Both OpenAI and Anthropic implicitly endorse this split approach. OpenAI says entry files should be "short and routing-oriented," while Anthropic says control information for long-running agents should be "concise and high-priority." Both are saying the same thing: don't stuff everything into a single file.
Real-World Example
A SaaS team's AGENTS.md ballooned from 50 lines to 600. The contents mixed together tech stack versions, coding standards, historical bug fix notes, API usage guides, deployment procedures, and team members' personal preferences — everything was in there, but finding the part relevant to the current task was a slog.
Agent performance started declining noticeably: during simple bug fixes the agent spent significant context processing irrelevant deployment instructions; the security constraint "all database queries must use parameterized queries" was buried at line 300 and frequently ignored; three contradictory code style rules caused the agent to pick one at random.
The team executed a split refactoring:
AGENTS.mdtrimmed to 80 lines: only project overview, run commands, and 15 global hard constraints- Created topic documents:
docs/api-patterns.md(120 lines),docs/database-rules.md(60 lines),docs/testing-standards.md(80 lines) - Added topic document links in the entry file
- Historical notes either converted to test cases or deleted outright
After refactoring: success rate on the same task set improved from 45% to 72%. Security constraint compliance rose from 60% to 95%, because the rule moved from the middle of the file to the top of the entry file — no longer "lost in the middle."
Key Takeaways
- "Add a rule" is short-term pain relief and long-term poison. Before adding any rule, consider whether it belongs in a topic document instead.
- The entry file is a router, not an encyclopedia. 50-200 lines — overview, hard constraints, and links only.
- Leverage the "lost in the middle" effect: put important information at the top or bottom, and move less critical items to topic documents.
- Manage instruction bloat the way you manage technical debt. Regular audits, and every instruction should have a source, applicability condition, and expiry condition.
- After splitting, SNR improves and the agent spends more of its context budget on the actual task instead of processing irrelevant instructions.
Further Reading
- OpenAI: Harness Engineering
- Anthropic: Effective Harnesses for Long-Running Agents
- Lost in the Middle: How Language Models Use Long Contexts
- HumanLayer: Harness Engineering for Coding Agents
- Nielsen Norman Group: Progressive Disclosure
Exercises
SNR Audit: Take your current entry instruction file and list all instruction entries. Pick 5 different common task types and mark whether each instruction is relevant to that task. Calculate the SNR for each task type. Instructions that are noise for most tasks should be moved to topic documents.

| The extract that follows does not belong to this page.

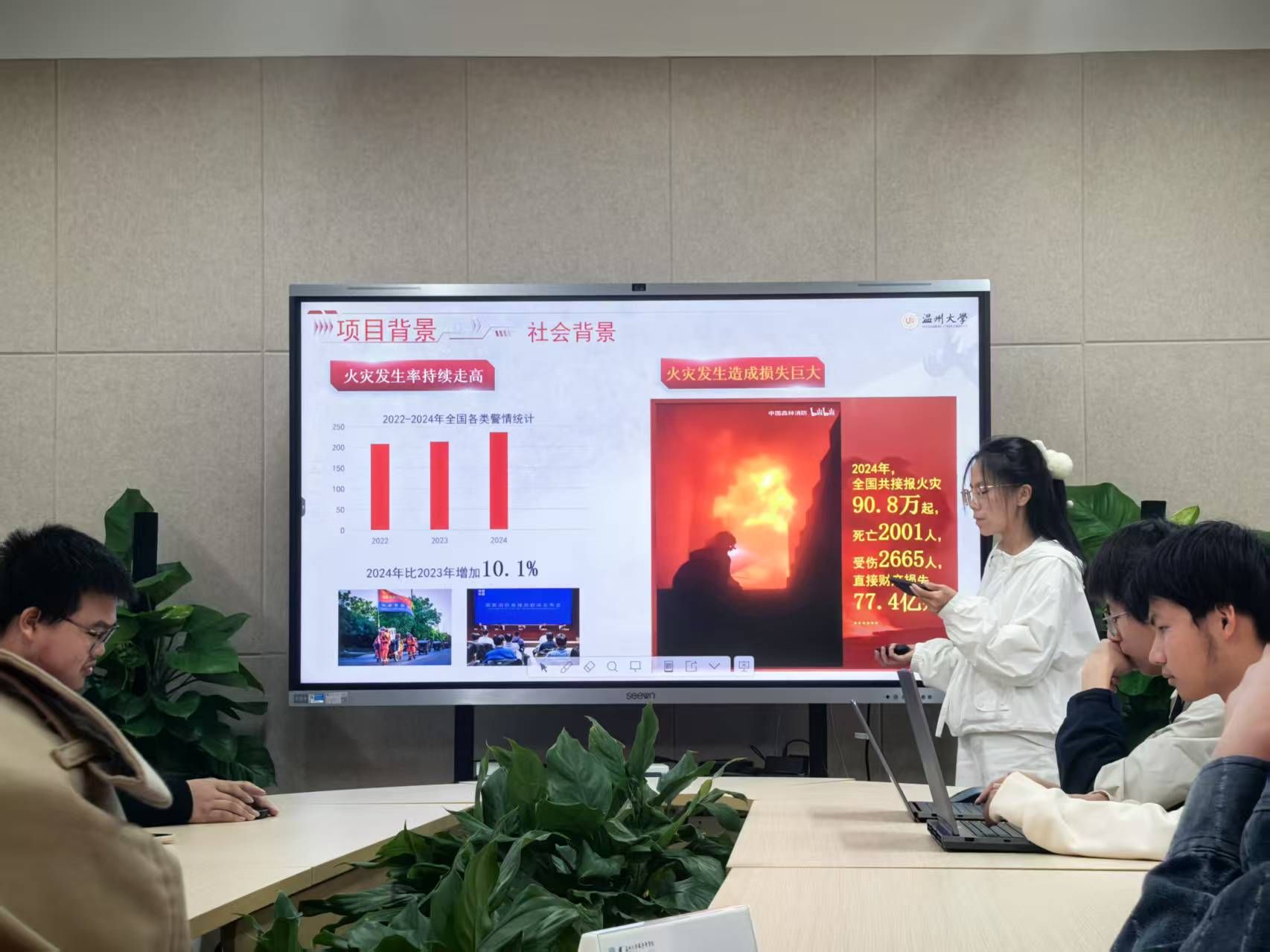 立项评审开始前,靳颖向同学们强调“新湖杯”温州大学国际大学生创新大赛的重要性,并希望同学们仔细打磨参赛作品、强化团队合作,突出介绍项目创新点以及项目落实的可行性。

Reveal on Demand Refactor: If you have an instruction file over 300 lines, split it into: (a) an entry file under 100 lines, (b) 3-5 topic documents. Run the same set of tasks (at least 5) before and after refactoring, and compare success rates.
Lost in the Middle Verification: In a long instruction file, place a critical constraint at the top, middle, and bottom respectively, running the same task set each time (at least 5 runs per position). See if there's a difference in compliance rate. You might be surprised by how strong the position effect is.